→ **Exercise**:
Your answer must be the exact lines below, starting with the line with "Fantastique, nouvelle villa" and going on through the line with "Brass 3-Layered Necklace", both included, with no pictures.

→ **Available data**:
*** Begin section ***

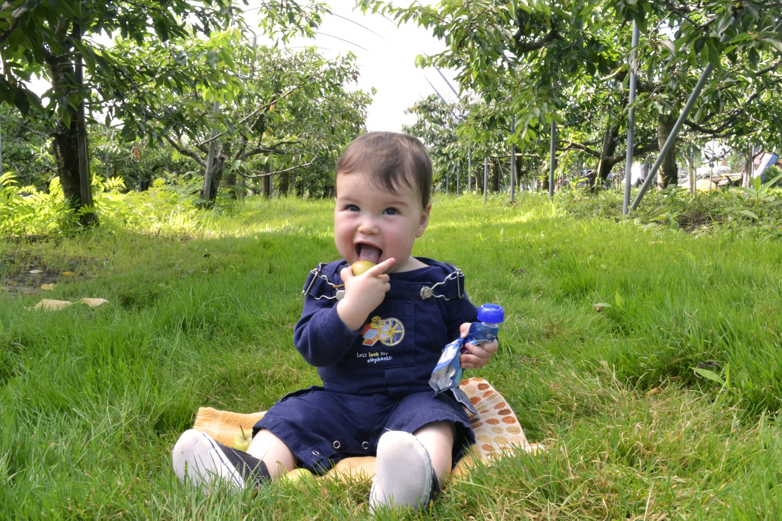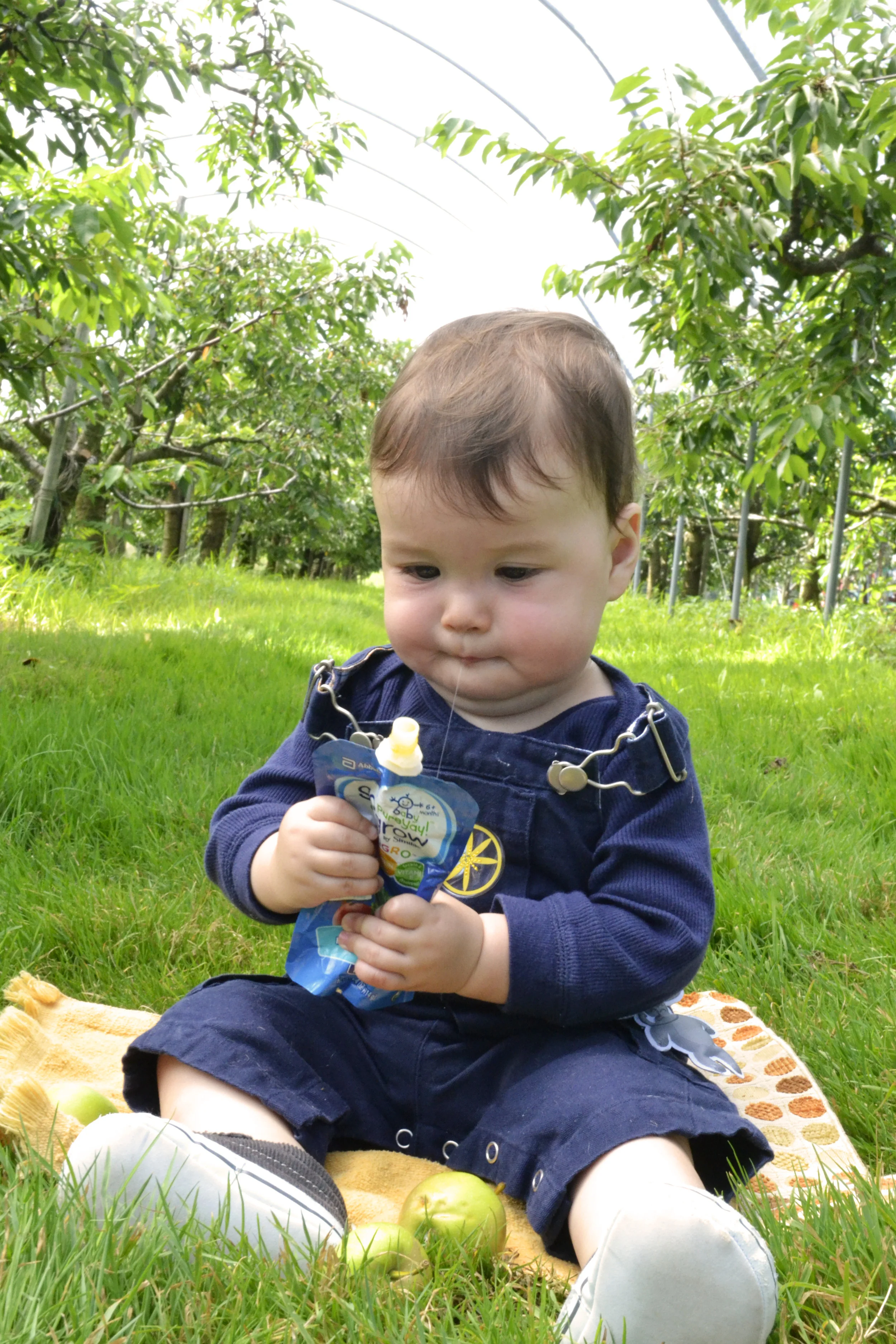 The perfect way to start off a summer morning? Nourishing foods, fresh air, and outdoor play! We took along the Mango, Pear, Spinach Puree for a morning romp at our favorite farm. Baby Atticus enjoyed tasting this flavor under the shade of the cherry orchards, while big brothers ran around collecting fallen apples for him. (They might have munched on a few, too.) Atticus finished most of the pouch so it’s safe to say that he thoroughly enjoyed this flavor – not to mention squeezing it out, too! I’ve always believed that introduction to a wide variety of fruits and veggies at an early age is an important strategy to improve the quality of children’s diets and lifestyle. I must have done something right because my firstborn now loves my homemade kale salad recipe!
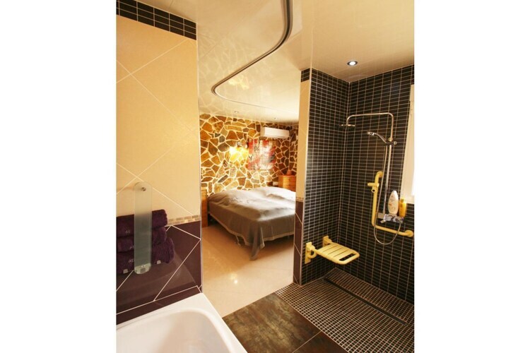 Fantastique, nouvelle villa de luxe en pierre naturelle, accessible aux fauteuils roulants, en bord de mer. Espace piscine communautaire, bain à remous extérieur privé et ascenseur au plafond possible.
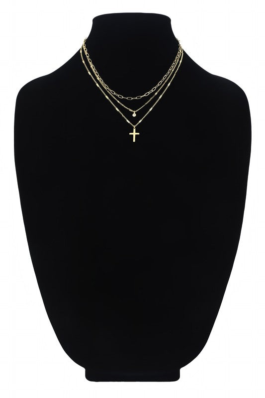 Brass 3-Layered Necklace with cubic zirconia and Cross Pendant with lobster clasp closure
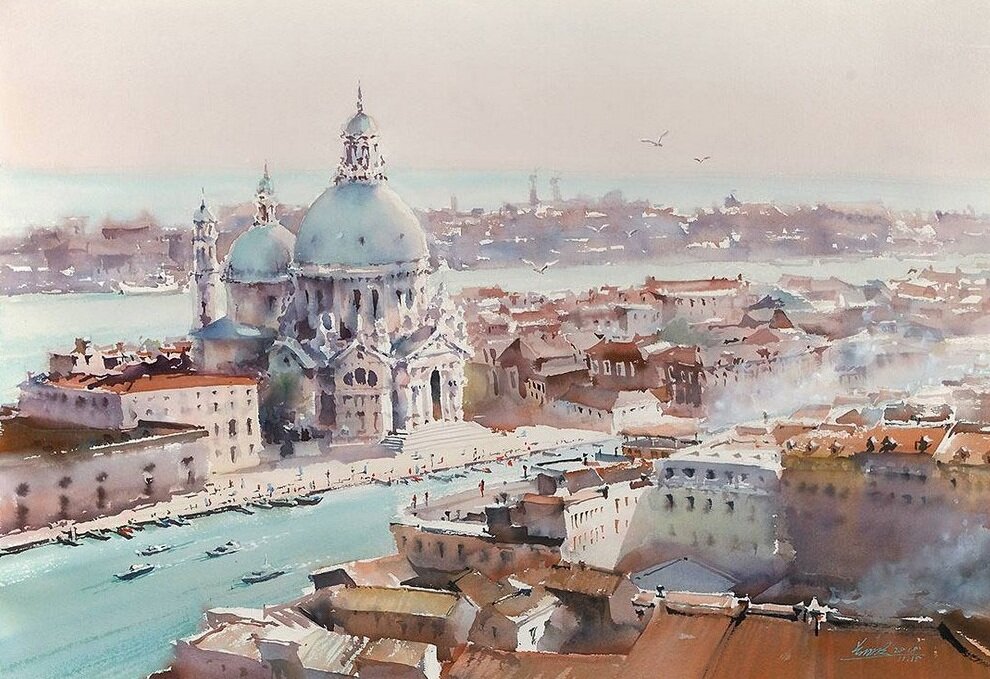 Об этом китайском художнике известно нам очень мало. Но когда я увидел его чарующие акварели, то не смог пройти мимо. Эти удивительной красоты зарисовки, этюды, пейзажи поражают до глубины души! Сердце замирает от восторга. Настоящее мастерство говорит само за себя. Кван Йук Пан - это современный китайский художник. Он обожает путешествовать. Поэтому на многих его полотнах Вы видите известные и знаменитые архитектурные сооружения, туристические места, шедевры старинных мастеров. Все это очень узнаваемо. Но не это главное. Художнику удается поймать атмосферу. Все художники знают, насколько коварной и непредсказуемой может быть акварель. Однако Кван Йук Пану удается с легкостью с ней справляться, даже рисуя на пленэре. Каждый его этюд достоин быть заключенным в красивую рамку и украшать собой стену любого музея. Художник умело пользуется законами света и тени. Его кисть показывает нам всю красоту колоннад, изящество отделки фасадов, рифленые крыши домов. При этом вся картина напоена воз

*** End section ***

→ **Answer to the exercise**:
 Fantastique, nouvelle villa de luxe en pierre naturelle, accessible aux fauteuils roulants, en bord de mer. Espace piscine communautaire, bain à remous extérieur privé et ascenseur au plafond possible.
 Brass 3-Layered Necklace with cubic zirconia and Cross Pendant with lobster clasp closure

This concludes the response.